Comedy

Our latest Edinburgh Fringe reviews, from Julia Masli to Strategic Love Play

This year’s Fringe may have entered its home stretch, but there’s still a palpable buzz in the air. Sure, it might mostly be collective excitement about the thought of sleeping again, but with the nominations for the Edinburgh Comedy Awards having just been announced, it’s clear there’s still more to come.

Among this review round-up, you’ll find five-star comedy from an Edinburgh resident, a pacey two-hander from a Succession writer, and an hour of clowning up for the Best Show prize.

Find this week’s comedy and theatre reviews below…

Krystal Evans: The Hottest Girl at Burn Camp – Monkey Barrel @ Hive ★★★★☆

Listen to Krystal Evans’s life story and it’s hard to imagine how the US comic could turn this into a comedy routine. Evans grew up in a little town called Sequim in Washington State. She was “straight-up poor”; her mother was mentally unwell. Then, when Evans was 14 years old, her house burnt down. Though covered in burns, she survived. Her sister did not.

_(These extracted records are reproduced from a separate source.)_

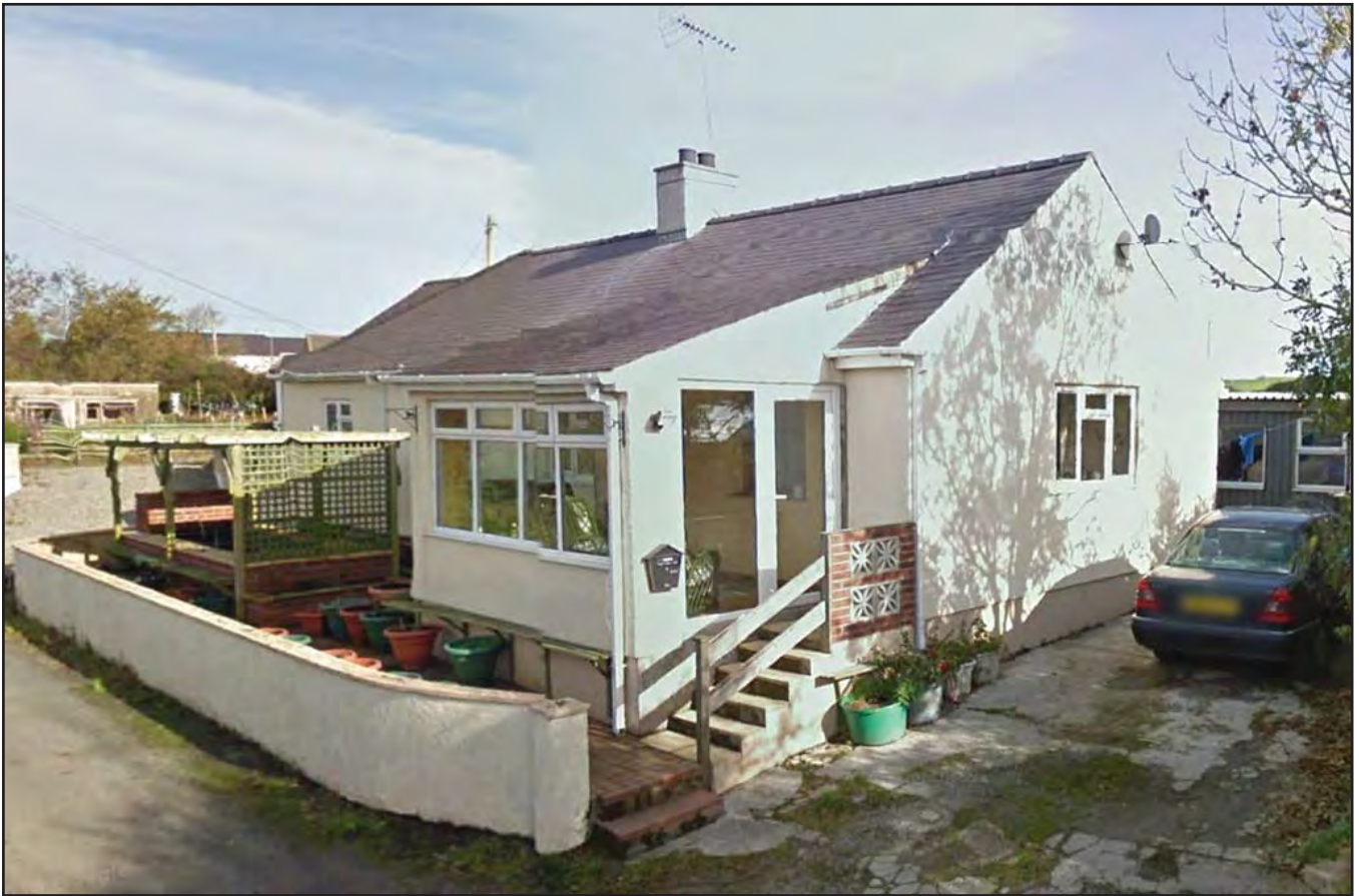
Plate 111: Asset 124, dwelling SE of Tan-yr-Allt, viewed from the SW.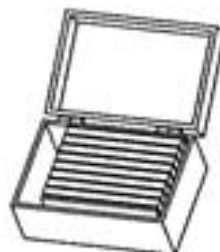
Slide box with 5 prepared slides & 5 blank slides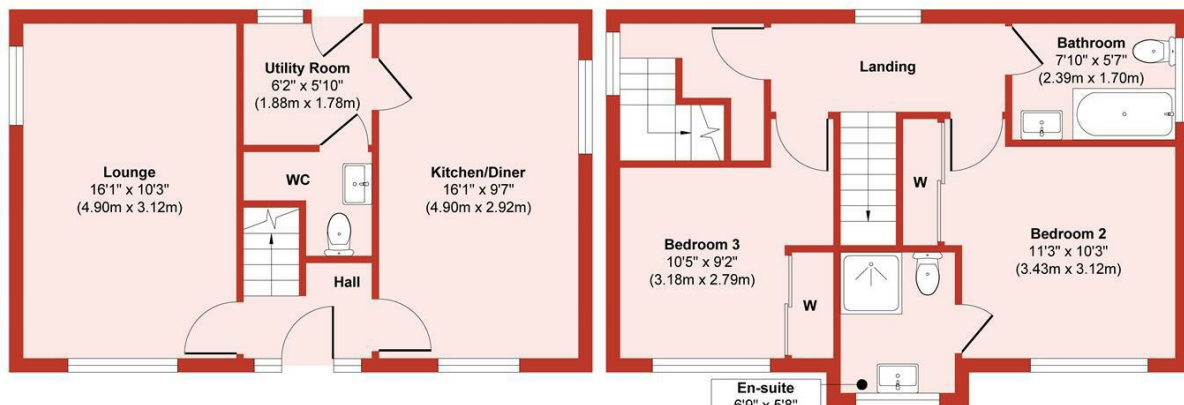
Ground Floor Approximate Floor Area 428 sq. ft (39.76 sq. m)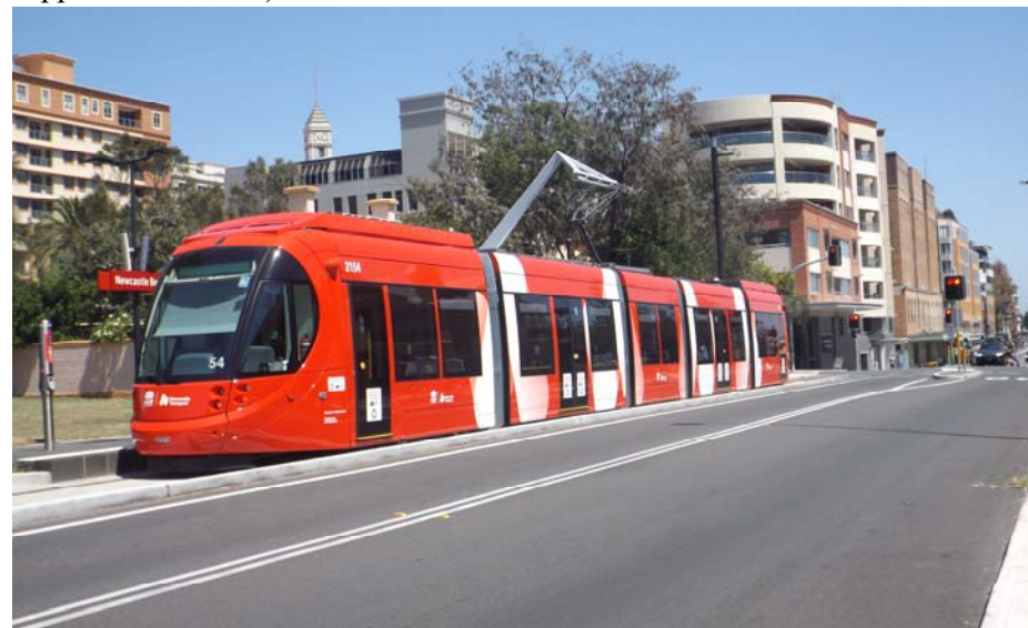
Light Rail Vehicle at Newcastle Beach Terminus being re-charged.

V acancies exist in this 5-day/4-night all-inclusive tour of gardens and galleries in Gold Coast and Sunshine Coast areas, accommodated at Caloundra Oaks Oasis, with West Beecroft Club. The tour is from Thursday, 11 July to Monday, 15 July 2019 and is priced at $1750 pp twin share (single supplement is $320). Details from Wal.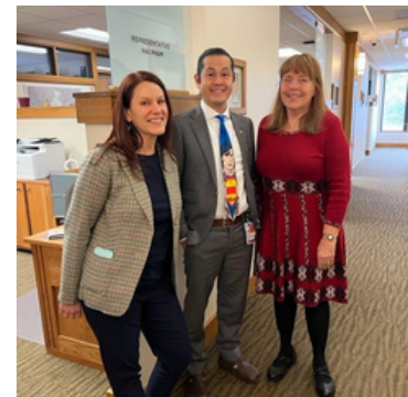
Rep. Schouten's visit to chat about public health investments!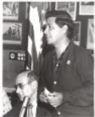
Cesar Chavez (KaAn_b_f24_0004)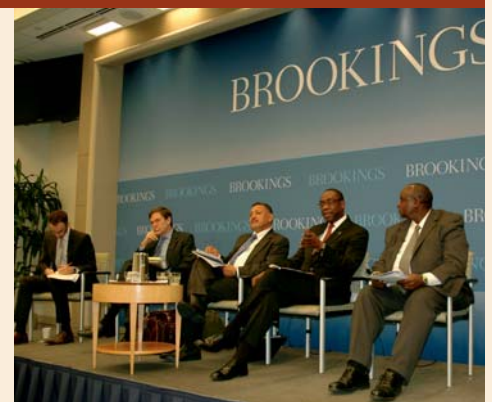
Last month the Africa Growth Initiative at Brookings, InterAction and the Center of Concern co-organized a discussion on U.S. and global policy on the Least Developed Countries, with a focus on LDCs in Africa.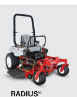
E-Series S-Series Suspension Platform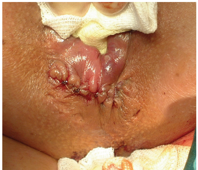
Figure 3. Appearance after excision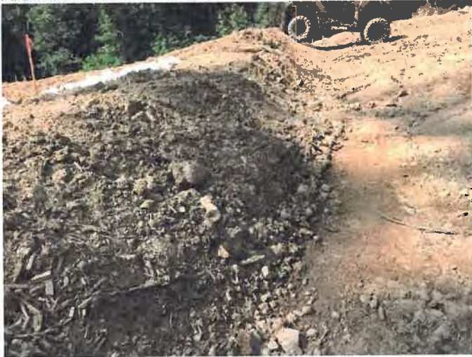
Fig. 1 Area above MVP-FR-291

It’s one hell of a tale to tell. And, speaking with her signature dry delivery (or “resting sarcastic voice”, as she calls it), Evans somehow finds a conduit to laughs in her “really f***ed-up childhood” – yes, her mother drove drunk, but she was really good at it! Comedy is found at every turn, even in the blaze. We’re shown the local newspaper cover declaring the death of her sister – a genuinely sombre moment until Evans focuses on the coupons sequestered on the next page.

That’s not to say that Evans downplays the severity of what happened, or the complexity of her feelings about it. You’d understand Evans for telling her story with a simple survivor narrative, but she isn’t afraid to explore the dark stuff. When she wonders aloud whether her narcissistic mother could have started the fire deliberately, the audience holds its breath. It sums up Evans’s Fringe debut: self-assured, potent, shocking.

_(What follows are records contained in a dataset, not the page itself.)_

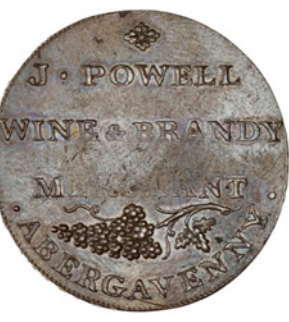
126 Monmouthshire, Abergavenny, James Powell, Halfpenny, 1795 (DH 1). Extremely fine, patinated £70-90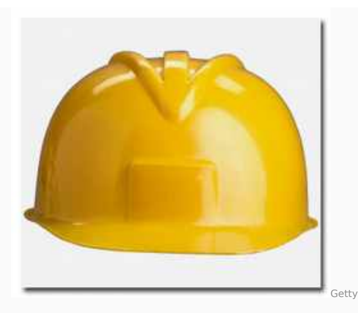
Today's lesson is, if you're an inventor, wear a freaking helmet.

They are the geniuses behind the curtain.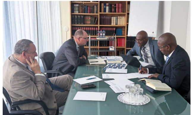
New Apostolic Church International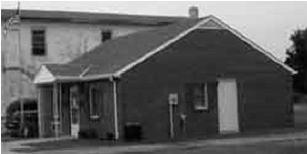
Figure 2: Onley Town Office & Police Department. Photo by Ann Devletian, 2003

The Town has purchased land adjacent to the existing Town Hall to construct a new Town Office. Once constructed, the Police Department will be the sole occupant in the existing building. The Town is interested in constructing the new facility to more stringent building codes that would lessen the risk of flooding and wind damage.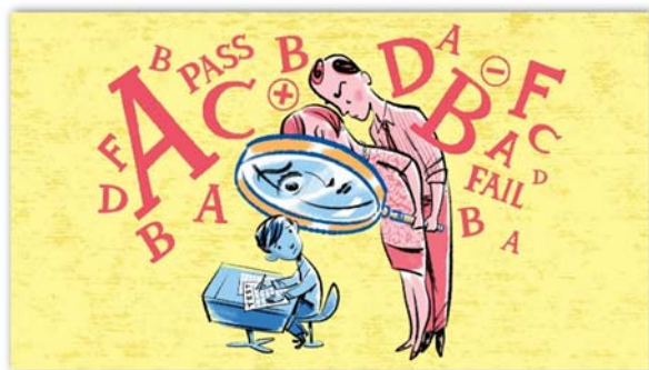
Grades – don't you dare make them an idol

want you to have good grades?" "I don't know." "Well, isn't that gonna get a good college?" "Yeah, but I don't even know what I want to do." Okay, so could idols be protection and provision?" "Yeah, yeah, oh, yeah, yeah, yeah." I said, "Okay."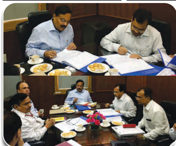
MoU Signing for the FY 2017-18

It was followed by an interactive session with employees wherein they took keen interest and shared their business aspects, ideas, future business vision etc.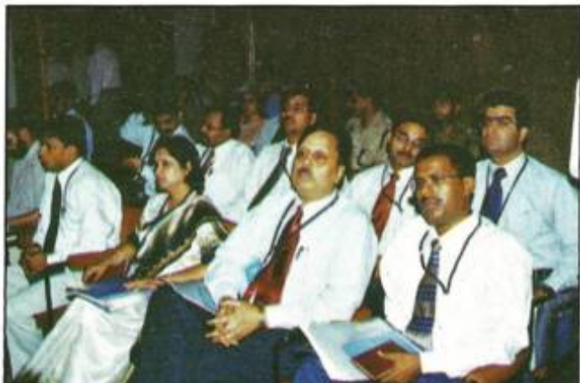
A cross section of the delegates of the 2-day Regional Workshop of North Zone Superintendents of Police.

Speaking on the occasion, the DGP, J&K said that the efficacy and efficiency of police was ultimately judged by the people and this depended on the quality of the delivery of services by the Police. The workshop would enable the officers to interact and share each other's experiences, which would go a long way in bringing the professional excellence, the DGP added.

Strategic Love Play – Roundabout @ Summerhall ★★★☆☆

A man walks into a bar. From this classic set-up, Succession writer Miriam Battye spins an intriguing story of love, hate, and crisp packet origami. The man in question (Archie Backhouse) is here for a first date with a woman he’s met on a dating app (Letty Thomas). In this two-hander, both leads go unnamed for the majority of the show; after all, as they point out, loads of people use fake names on the apps anyway.

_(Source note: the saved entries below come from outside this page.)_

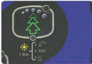
EcoFlex™ System models have One-Touch™ activation for an on-demand cleaning burst of power.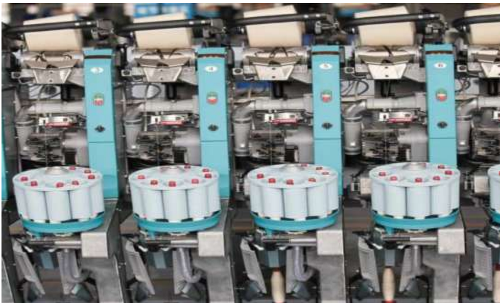
Fig. 1. Robotic auto coner

Robotics in The Splicing in Auto-Coners And Other Winders: Each time there'll be an end break or bobbin change. This joins the yarn ends with a splice that's virtually similar to the yarn. The strength and elongation values of the spliced joint are nearly always comparable, which is quite 90%, with those of the yarn itself. Latest automatic splicer arm is act sort of a robot. It offers even better opening of the yarn ends and a more favourable overlap in splicing zone.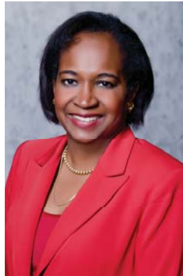
Sheryl Cole City of Austin Mayor Pro Tem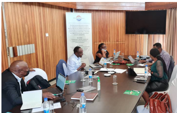
The Founding members of the African Centre of Excellence for Access to Justice during a meeting in Lilongwe, Malawi.

The founding members of the African Centre of Excellence for Access to Justice on 10th March 2022 convened in Lilongwe, Malawi for an in-person reflection and review meeting to chat the strategy for the Centre for the next two years.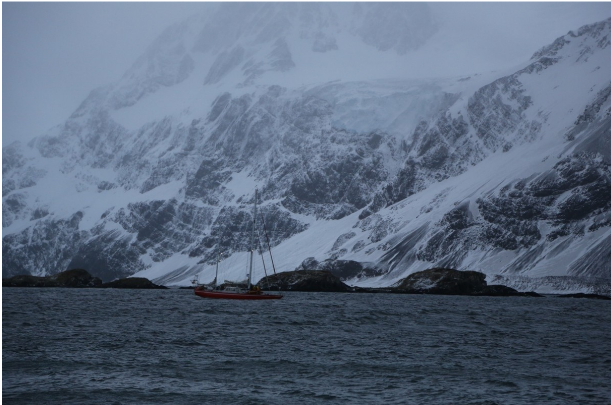
S/Y Selma Expeditions left Ushuaia on 9 October, and reached South Georgia on 17 October. Due to severe weather conditions in the King Haakon Bay area, we had to wait in the Elshul Bay for the

Familiar though the set-up is, Battye’s resulting play is anything but. But rather than soften as the two fall desperately in love, the friction continues. They don’t get on, and they rub each other up the wrong way. Insults, sometimes disguised as backhanded compliments, sometimes thrown out without consideration, float in the air. Then she makes an unexpected suggestion: Who cares? We don’t have to like each other, just be together. What’s out there is much worse, no?

The cat-and-mouse game played between the pair is reflected back on the audience. Neither character is likeable – she’s overbearing and intense, he has a superiority complex. Yet despite this, the actors make you root for them, both individually and as a messed-up love match. That it’s performed in the round, however, means facial expressions are missed, and vital nuance and subtext get lost.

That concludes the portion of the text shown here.